A controller is electrically connected to the electronic impedance to control its operation. The control device acts in such a way that the electronic impedance is used for the impedance device is added in parallel when the field device is selected. In addition, the control device causes that the electronic impedance is eliminated when the field device is queried, which is a

predetermined period of time occurs after the addition.

lime transition voltage peak. generated when the electronic impedance is switched off effective by charging an equalizer canceled electrically between the controller and the high gain amplifiers * - fakt'T is switched on. The charge on this capacitor 'annihilates the voltage spike caused by the Switching off the electronic impedance is generated.
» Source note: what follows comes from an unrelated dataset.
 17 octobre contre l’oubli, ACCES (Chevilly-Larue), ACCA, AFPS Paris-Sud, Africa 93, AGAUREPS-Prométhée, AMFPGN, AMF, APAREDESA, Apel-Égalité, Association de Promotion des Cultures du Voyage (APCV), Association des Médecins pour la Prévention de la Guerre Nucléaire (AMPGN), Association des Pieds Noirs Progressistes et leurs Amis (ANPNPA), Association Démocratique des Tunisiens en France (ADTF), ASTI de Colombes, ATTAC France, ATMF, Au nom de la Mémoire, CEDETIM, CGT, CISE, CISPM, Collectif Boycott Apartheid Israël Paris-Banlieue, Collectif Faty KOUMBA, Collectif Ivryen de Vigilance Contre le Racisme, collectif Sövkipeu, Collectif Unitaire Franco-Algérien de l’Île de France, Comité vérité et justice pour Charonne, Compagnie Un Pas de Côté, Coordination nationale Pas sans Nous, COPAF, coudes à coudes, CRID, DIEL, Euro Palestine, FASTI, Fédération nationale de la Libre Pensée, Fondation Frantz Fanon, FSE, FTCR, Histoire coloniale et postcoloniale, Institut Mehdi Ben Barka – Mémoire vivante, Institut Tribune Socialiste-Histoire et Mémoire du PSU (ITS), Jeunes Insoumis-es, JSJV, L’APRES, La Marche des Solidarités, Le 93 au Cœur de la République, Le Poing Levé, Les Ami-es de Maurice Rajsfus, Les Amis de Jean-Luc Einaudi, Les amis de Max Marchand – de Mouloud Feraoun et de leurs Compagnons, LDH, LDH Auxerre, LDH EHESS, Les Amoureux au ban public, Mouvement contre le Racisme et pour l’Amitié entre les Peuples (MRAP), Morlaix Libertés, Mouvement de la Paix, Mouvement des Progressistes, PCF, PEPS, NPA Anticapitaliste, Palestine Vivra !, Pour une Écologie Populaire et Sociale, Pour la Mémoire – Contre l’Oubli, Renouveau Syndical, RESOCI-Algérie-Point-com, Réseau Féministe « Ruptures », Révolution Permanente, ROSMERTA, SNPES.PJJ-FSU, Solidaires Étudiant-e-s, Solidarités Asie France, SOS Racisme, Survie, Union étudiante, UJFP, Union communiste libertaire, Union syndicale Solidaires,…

Overall, a sense amplifier was used

described when querying a F'oto transistor matrix, where an electronically controlled impedance in parallel with the load resistance for each column lies. The electronically controlled impedance significantly reduces the time constant of electrical noise, that results from the line selection. Furthermore, a compensation capacitor is used to suppress the Disturbance resulting from switching the controlled impedance.
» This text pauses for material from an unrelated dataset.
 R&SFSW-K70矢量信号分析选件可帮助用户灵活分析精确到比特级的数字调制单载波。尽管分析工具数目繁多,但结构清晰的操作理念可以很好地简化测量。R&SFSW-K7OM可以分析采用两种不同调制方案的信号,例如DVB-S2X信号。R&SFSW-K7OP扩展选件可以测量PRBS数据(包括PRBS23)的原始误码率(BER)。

For this purpose 3 sheets of drawings

Claims (6)

Claims; t. Read circuit which is connected to a memory cell of a plurality of arranged in a matrix Memory cells existing memory is connected and for processing an electrical, from The useful signal output from the memory cell via a read line is connected to the read line Has impedance and a sense amplifier connected to the read line, thereby characterized in that a controllable impedance (74,90) is parallel to the impedance (60) whose resistance value is significantly smaller than the resistance value of the impedance (60) is; and that a control circuit (78) is connected to the control connection (76; 92) of the controllable impedance (74, 90) and the controllable impedance is effective when the memory cell (66) is activated (i.e. small) and, when interrogating the spoke location (66), the controllable impedance is ineffective (i.e. large) macltt. 2. Circuit according to claim 1, characterized in that the controllable impedance is a field effect transistor whose gate (76) is the control terminal 3. A circuit according to claim 2, characterized in that the control circuit (78) is an emitter follower circuit contains, the emitter of which is connected to the gate (76) of the field effect transistor (74) 4. A circuit according to claim 3, characterized in that a compensation capacitor is connected between the collector & i of the emitter follower (84) and the drain (80) of the field effect transistor (7 x ¹ ). 5. Circuit according to the preceding claims, characterized gekennzeicl -.et that the controllable Impedance is a MOS field effect transistor (90) with two gates (92,94), the sink (98) with the Junction point (68) between impedance (60) and reading line (28) is connected, the first Gate (92) is the control terminal and the second gate (94) is connected to a DC voltage source is. 6. A circuit according to claim 5, characterized in that between the sink (98) of the MOS field effect transistor (90) and the collector (100) of the control transistor (84) of the control circuit (78) an adjustable compensation capacitor (88) is connected.